From charlesreid1

Rules of Thumb

Memory usage and space in Java

Primitive types:

  • boolean - 1 byte
  • byte - 1 byte
  • char - 2 bytes
  • int - 4 bytes
  • float - 4 bytes
  • long - 8 bytes
  • double - 8 bytes

An integer has 2^32 different values, with 32 bits or 4 bytes (since there are 8 bits per byte)

Objects:

  • Object overhead is 16 bytes of object overhead for each object
  • References to objects typically use 8 bytes of memory.
  • Data types can contain references to objects.

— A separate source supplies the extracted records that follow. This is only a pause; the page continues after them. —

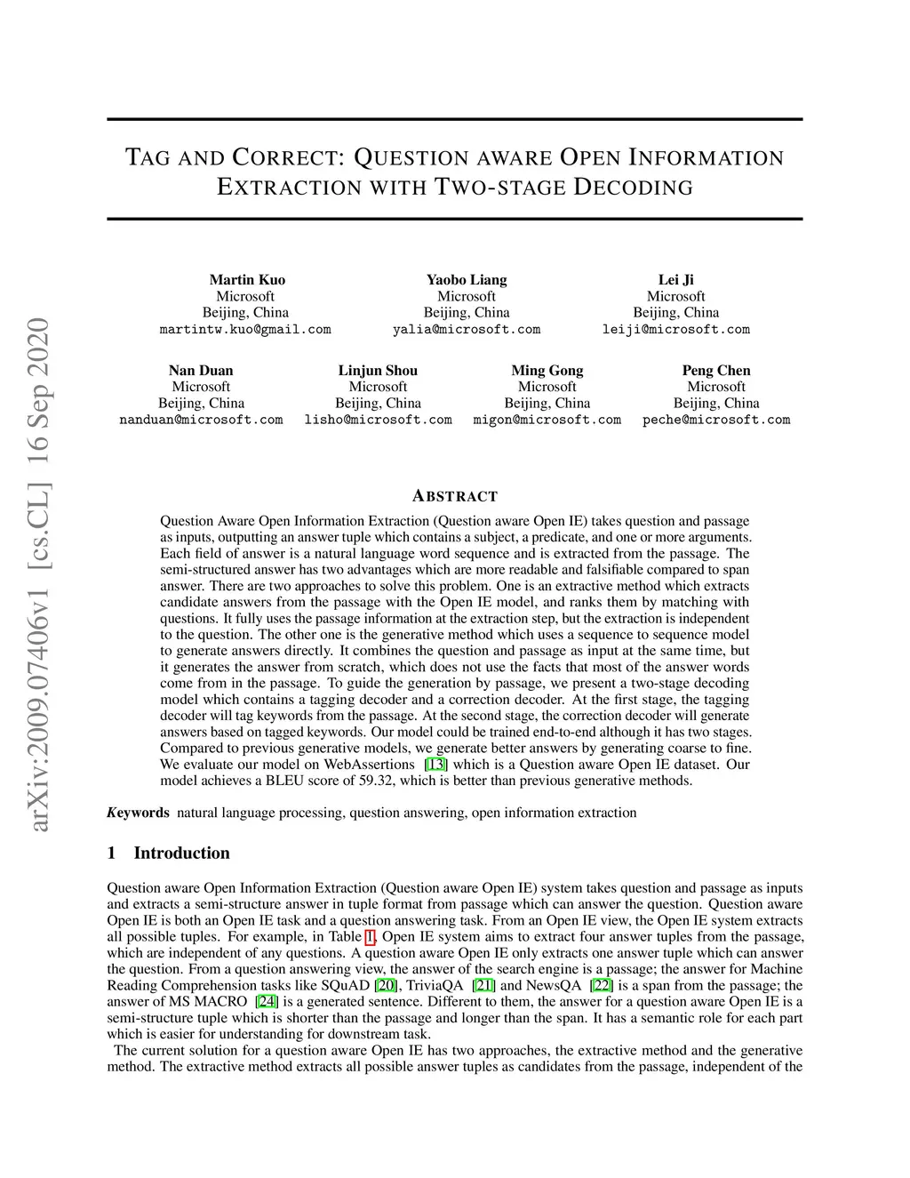 Question Aware Open Information Extraction (Question aware Open IE) takes question and passage as inputs, outputting an answer tuple which contains a subject, a predicate, and one or more arguments. Each field of answer is a natural language word sequence and is extracted from the passage. The semi-structured answer has two advantages which are more readable and falsifiable compared to span answer. There are two approaches to solve this problem. One is an extractive method which extracts candidate answers from the passage with the Open IE model, and ranks them by matching with questions. It fully uses the passage information at the extraction step, but the extraction is independent to the question. The other one is the generative method which uses a sequence to sequence model to generate answers directly. It combines the question and passage as input at the same time, but it generates the answer from scratch, which does not use the facts that most of the answer words come from in the passage. To guide the generation by passage, we present a two-stage decoding model which contains a tagging decoder and a correction decoder. At the first stage, the tagging decoder will tag keywords from the passage. At the second stage, the correction decoder will generate answers based on tagged keywords. Our model could be trained end-to-end although it has two stages. Compared to previous generative models, we generate better answers by generating coarse to fine. We evaluate our model on WebAssertions (Yan et al., 2018) which is a Question aware Open IE dataset. Our model achieves a BLEU score of 59.32, which is better than previous generative methods.
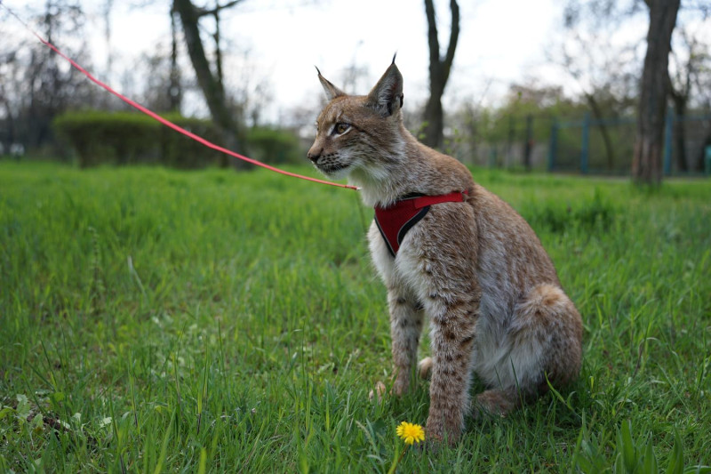 Рись Марися сидить на траві під час вигулу. Суспільне Миколаїв/Олександр Гордієнко
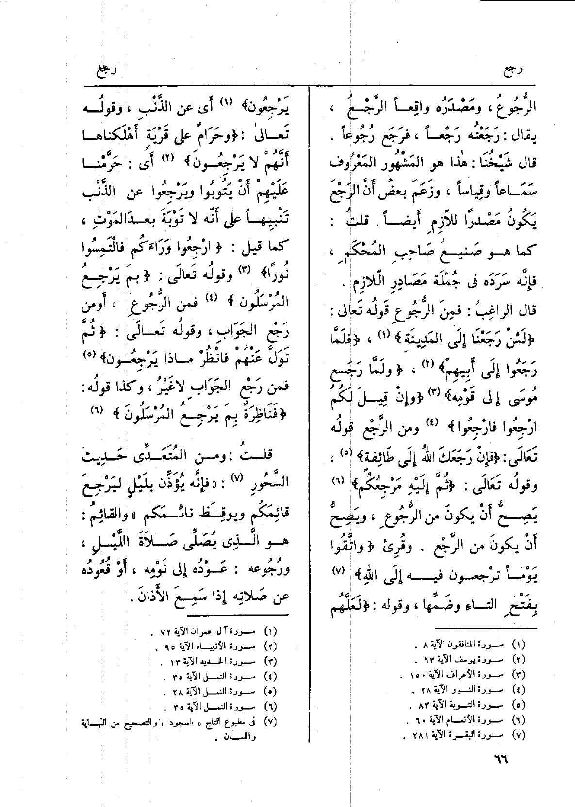 المَوت، كَمَا قيل: ارْجِعوا وراءَكُم فالْتَمِسوا نُوراً وقَوْله تَعالى: بمَ يَرْجِعُ المُرسَلون فَمن الرُّجوع، أَو من رَجْعِ الجَواب، وقَوْله تَعالى: ثمّ توَلَّ عَنْهُم فانْظُرْ مَاذَا يَرْجِعون فَمن رَجْعِ الجوابِ لَا غير، وَكَذَا قولُه: فناظِرَةٌ بمَ يَرْجِعُ المُرسَلون. قلتُ: وَمن المُتَعَدِّي حديثُ السَّحُور: فإنّه يُؤَذَّنُ بلَيلٍ ليَرْجِعَ قائِمُكُم ويوقِظَ نائِمَكم والقائمُ: هُوَ الَّذِي يُصلّي صَلاةَ اللَّيْل، ورُجوعُه: عَوْدُه إِلَى نَوْمِه، أَو قُعودُه عَن صَلاتِه إِذا سَمِعَ الْأَذَان.
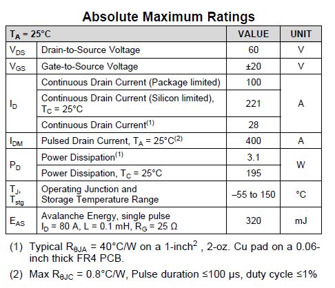 1.这里Id有三个参数:封装限制:100A;25度硅材料限制:221A;第三个参数28A是什么概念?选型时是按照三个参数最小值选型??
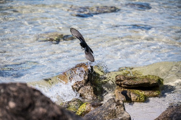 Willy wagtail was having a flit back and forth landing on the rocks and dodging the waves.
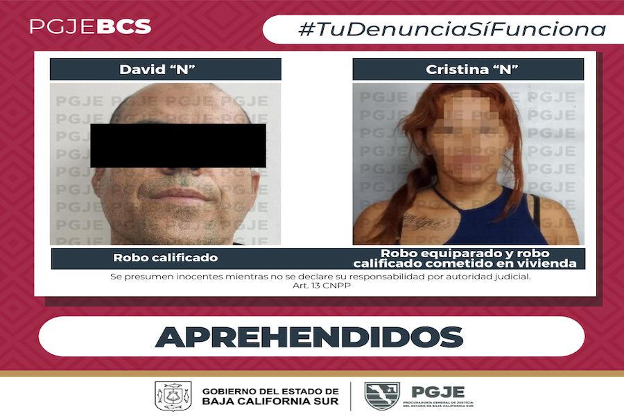 Por otra parte, en el municipio de La Paz, se cumplimentaron dos órdenes de aprehensión en contra de Cristina “N”, de 31 años, por los delitos de robo equiparado y robo calificado cometido en vivienda. La detención se realizó el 26 de diciembre en la colonia La Pasión, por elementos de la Policía Estatal.
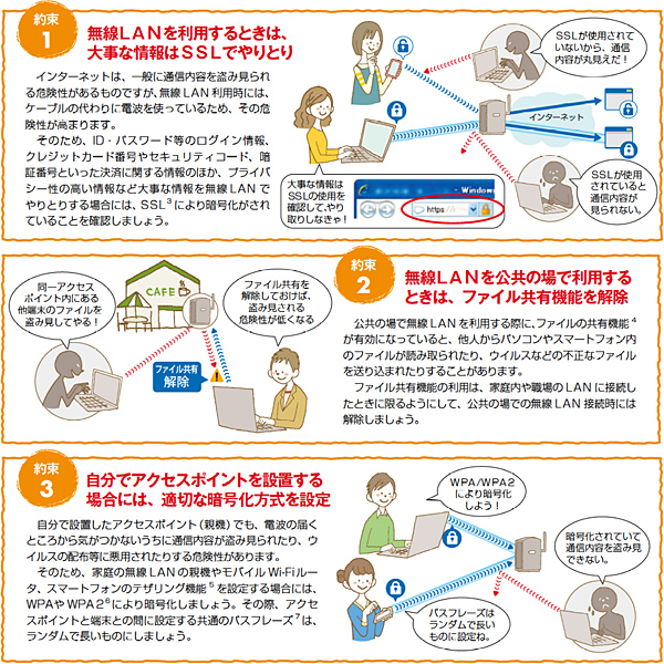 「無線LAN情報セキュリティ対策の3つの約束」を提示
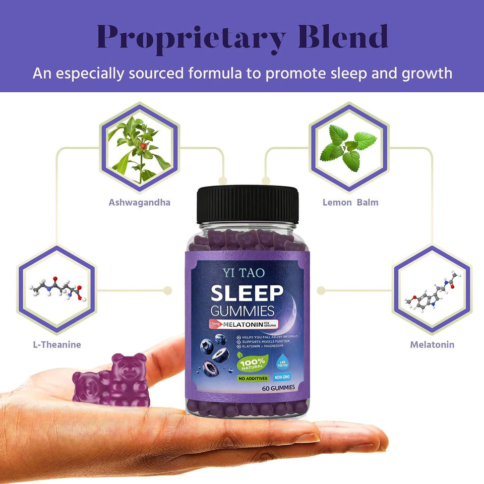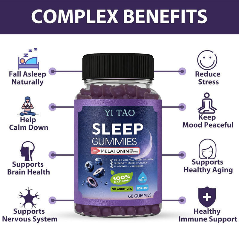 อาหารเสริมฉลากส่วนตัว เมลาโทนินกัมมี่คุณภาพสูงสำหรับผู้ทานมังสวิรัติ เพื่อการผ่อนคลายและการนอนหลับ
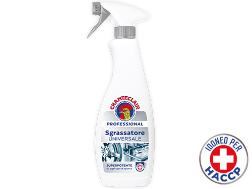 Sgrassatore ad alta efficacia, potente su ogni tipo di sporco. Sgrassa, smacchia e pulisce a fondo efficacemente tutte le piccole superfici. Superpotente sul grasso minerale. Flacone spray 700 ml. Idoneo per HACCP.
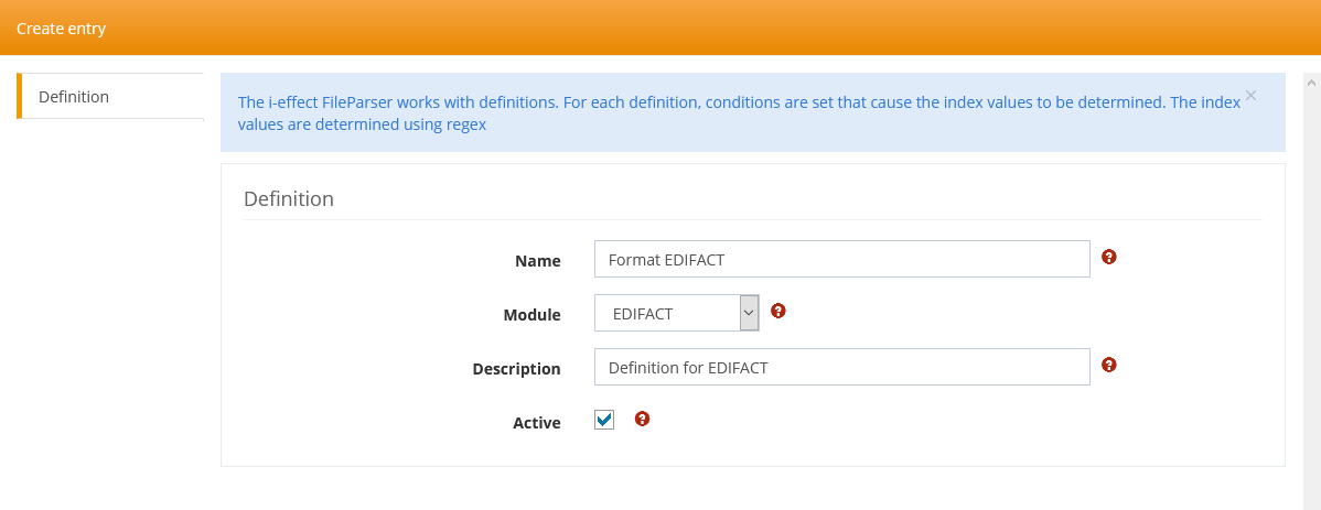 If the MAPPER module is selected when creating a definition, only index values can be defined for this module and the entry has no Active status. The index values defined for the MAPPER module are only used for display in the logbook.

The data type automatically incurs 16 bytes overhead for each object instance, plus 8 more bytes for each object's reference to another object.

Arrays:

  • Arrays are implemented in Java as objects, with two instance variables - a pointer to the memory location of the first array element, and the length of the array.
  • Primitive types - arrays use 24 bytes of header information, plus n times number of bytes to store each element

Example: int array

  • int = 4 bytes
  • int[] = 4n + 24 ~ 4n bytes

Example: double array 1D

  • double = 8 bytes
  • double[] = 8n + 24 ~ 8n bytes
  • double[][] = 8n^2 + 32n + 24 ~ 8n^2


Computing Max Memory

Max memory for a java application :

[-Xmx] + [-XX:MaxPermSize] + number_of_threads * [-Xss]

VM memory overhead is not a fixed %.